In most cases of my life I would find this to be terribly embarrassing, but lately I have been valuing my humanity so much, I just took a deep breath and embraced my tender-heartedness. I thought: time to practice what you preach, little one; those tears are a physical expression of your compassion, and your words, a refusal to accept the world as it is. So just let the tears fall and calmly explain why they are falling.
They were falling because it hurts my heart every time I am hit with the reality that each human life is not given the same value in our world. Who matters and who doesn't? Who gets to decide who matters and who doesn't? How do they decide? Why? And, more importantly, can this ever change?

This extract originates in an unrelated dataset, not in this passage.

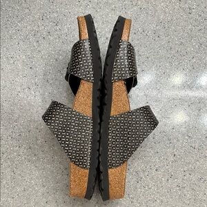 Experience the perfect blend of style and comfort with Papillio's black and brown sandals. These sandals feature a classic two-strap design with adjustable metal buckles for a secure fit. The cork and leather footbed ensures all-day comfort, making them ideal for casual outings. Enjoy the timeless appeal and quality craftsmanship of Papillio.
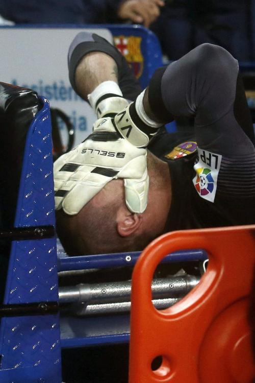El jugador se lesionó en el minuto 20 de la primer parte del Barça-Celta (3-0) cuando apoyó el pie derecho en el suelo en una despeje, y se torció la rodilla, y eso le obligó a salir del campo en camilla.

Then I read Nathaniel Hawthorne's The Scarlet Letter and now I'm just pissed. (If you haven't read it, I suggest reading it, or even a summary of it just for the purpose of the thought experiment it evokes.) We, societally, judge people so easily, but, even worse, we allow those judgments to stick, to mark a person, to identify human character in a way in which, realistically, doesn't happen, doesn't line up, doesn't make any freaking sense. Maybe it's easier to categorize people in this way. Maybe it's safer not to take risks. Maybe it's less scary to shut out entire segments of the human population. I don't even know!
All I do know is that I might actually believe each and every human being is worth the risk of knowing, of accepting, of learning about, of open-mindedness and understanding. That, and I might spend the rest of my life questioning taking the easy way, especially when it involves human beings.